During the NAREIM Architecture & Engineering meeting last Fall at The Torrey Pines Lodge in San Diego, the discussions focused on very physical, very real, environmental and construction challenges – and questioned how design and planning can help create the resiliency all investment management firms will need in the years ahead.
What about the water?
“1075 is a magic number in The Colorado water compact and for the 7 member states,” said Gregory Herriman, head of Engineering and Construction for Deutsche Asset Management, “when Lake Meade drops below 1075 feet, automatic cuts to water supply go into effect. Lake Meade has been on the edge of that level off and on all year.” Another interesting number is 80. “80% of Los Angeles water is imported from elsewhere.” We need water more than we need gas or milk however most people couldn’t tell you the true cost of a gallon of it. As the old saying goes, “what goes unmeasured goes unmanaged.” The price per gallon of water is rising faster than any other utility.

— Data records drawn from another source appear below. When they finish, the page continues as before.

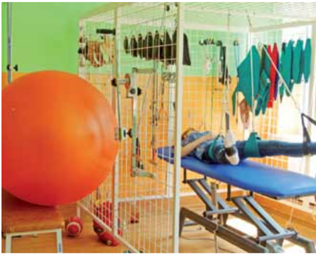
Sprzęt rehabilitacyjny w ośrodku prowadzonym przez „Nadzieję” dla wielu beneficjentów jest szansą, na którą długo czekali.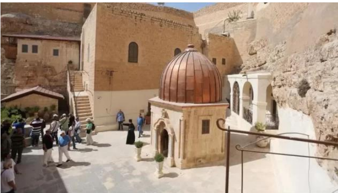
دير مار سابا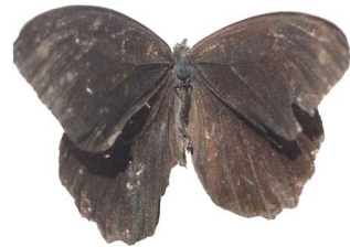
71 Pronophila sp. VD Papilionoidea - Nymphalidae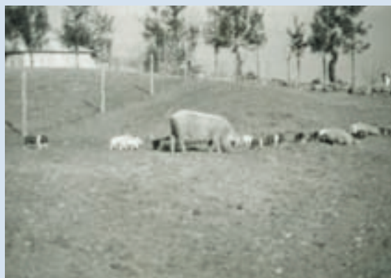
民國50年間豬隻於思源池邊放飼情形

農場始建，為改善義民生活，首推「豬隻培育計畫」，由農復會養豬專家指導，興建新式改良豬舍、浴池，為使豬隻有充分的運動，採放牧方式飼養，場部引進及培育優良仔豬及生產飼料，提供榮義民每家戶飼養之需，並推廣及於原住民，品系計有藍瑞斯、杜洛克、約克夏、漢布夏等，全盛時共養400餘頭，而仔豬也曾台中、南投、彰化等縣市建立良好信譽。民國57年間，為畜牧事業能朝專業化、精緻化及企劃化發展，遂決定停養，至59年度後完全停養。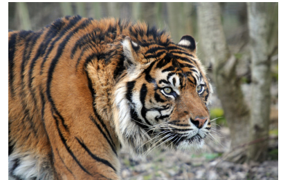
「お正月・とらの本」です。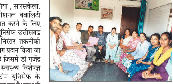
प्रशिक्षण में उपस्थित स्वास्थ्य विभाग की टीम।

तकनीकी मार्गदर्शन में प्रशिक्षण दिया जा रहा है। साथ ही विकासखंड के आर एम ए, समस्त सामुदायिक स्वास्थ्य अधिकारी, आर एच ओ (महिला/पुरुष) इस प्रशिक्षण में सम्मिलित हो रहे हैं। इन आयुष्मान आरोग्य मंदिरों में गुणवत्तापूर्ण स्वास्थ्य सेवाएं सुनिश्चित करने के उद्देश्य से राष्ट्रीय गुणवत्ता प्रमाणीकरण मानकों के अनुसार सुधार किए जा रहे हैं। यूनिसेफ के तकनीकी मार्गदर्शन से स्वास्थ्य सेवाओं की गुणवत्ता को बेहतर बनाने तथा आम नागरिकों को बेहतर प्राथमिक स्वास्थ्य सुविधाएं उपलब्ध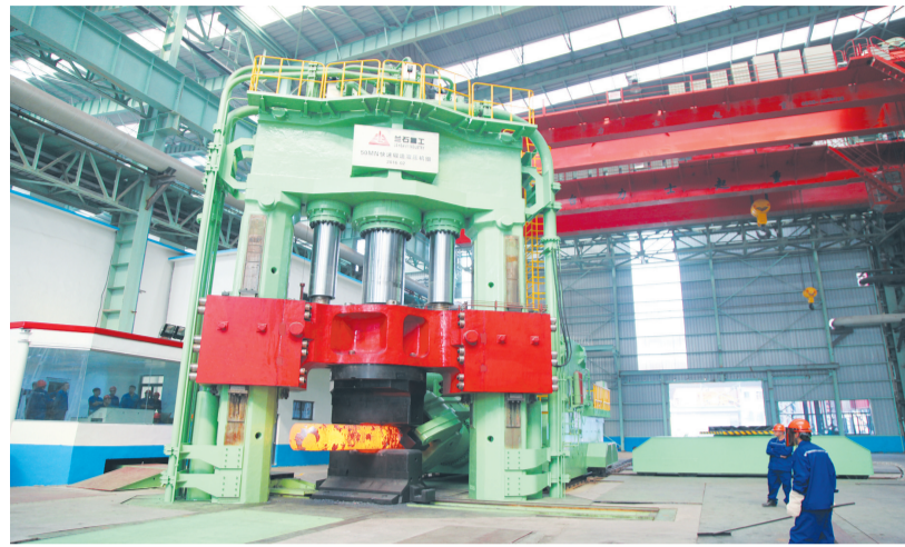
西王特钢与中科院金属研究所合作打造的清洁智能化制备高端装备用特殊钢示范生产线二期项目。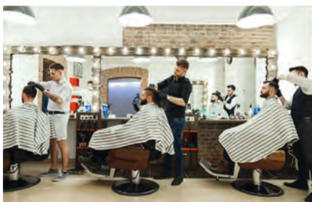
der Herrenfriseur barber/barbershop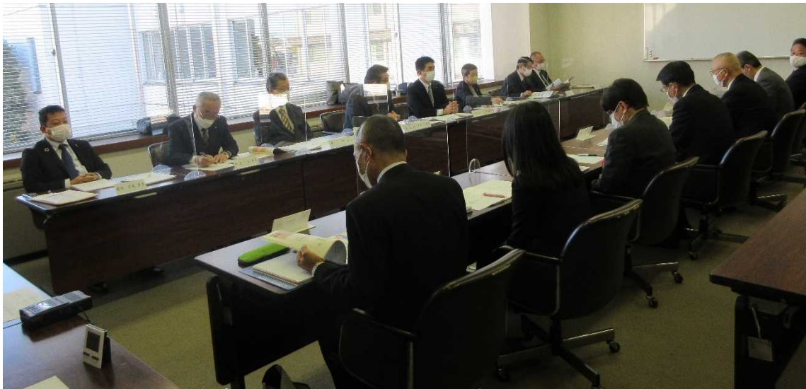
12月定例会で提出された議案について審査を行いました

“Many people think that water scarcity is only a problem on the west coast. It is an extreme problem there, but half of Massachusetts is also in a constant state of drought,” according to Herriman. It’s only a matter of time before the problem expands. So what can we do? There are many updates to EPA regulations attempting to help. For instance, the minimum levels of PCB’s now allowed in your wash-down, or the new requirement that all dumpster lids must remain closed. However, “what they’ve really done is spread out the ability to give us more fines.” Is that really helping?

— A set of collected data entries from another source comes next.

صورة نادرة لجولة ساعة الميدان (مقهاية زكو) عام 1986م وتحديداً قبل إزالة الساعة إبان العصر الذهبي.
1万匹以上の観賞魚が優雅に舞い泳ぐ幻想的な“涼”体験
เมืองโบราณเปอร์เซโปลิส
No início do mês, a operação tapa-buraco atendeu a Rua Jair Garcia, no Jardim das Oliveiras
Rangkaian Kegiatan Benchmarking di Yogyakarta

Ben Slick, VP of Business Development for Hydropoint, argues that thoughtful conservation, rather than government regulation, is the way to go. The penalty for water waste is far more severe than any fine. “When you leave your air conditioner on it wastes money but it doesn’t really hurt anything. When water goes where it’s not supposed to it creates real problems. Water can be nefarious stuff,” according to Slick. “40-70% of the water we use in the country goes to irrigation. And much of that irrigated land is over watered.” This is due to the common practice of implementing a basic timer switch to operate the sprinkler and good old-fashioned guess work to decide how much time it should be running. Upon closer inspection, the actual needs change from season to season and year to year. Also, if a sprinkler head malfunctions ½ a mile away, your basic timer will not catch the problem. “Ever wonder why you have to reseal your parking lot every couple years? There’s a good chance that irrigation runoff is accelerating the degradation.” Big Data can solve the problem quite easily. “Simply changing the control device you use can save you quite a lot.” Many of these systems do not require the entire system to be overhauled, just the control unit. “If zone 2 is running outside the threshold at 3am, these systems will automatically shut it off.” You’ve just saved hundreds of gallons of water.
The water problem is big – but the solution may be as small and as simple as smarter controls.
What about the pipes?
Another important way to save money and improve the environment is to build correctly and maintain as needed. A broken sprinkler head outside may degrade your parking lot, but a leaking pipe behind a wall can be much more devastating. “If your water is outside the standard PH level it can degrade copper pipes over time,” says Lloyd Meissner, Engineer for Crane Engineering. Water and metal don’t mix very well. A photo of any old shipwreck can tall you that. However copper pipe is still the best choice available. “But you have to use the right pipe the first time.” Meissner recounted a story of moving into a 10 year old building with a leaky sprinkler system. “10 years in they had to replace the whole system because they used the wrong pipe to begin with. It may be cheaper initially to use schedule 10 pipe as opposed to schedule 40, but when you go to repair it, the incredibly thin walls of the schedule 10 pipe make that very difficult.” It sounds overly simplistic but it’s true: Thicker is better.”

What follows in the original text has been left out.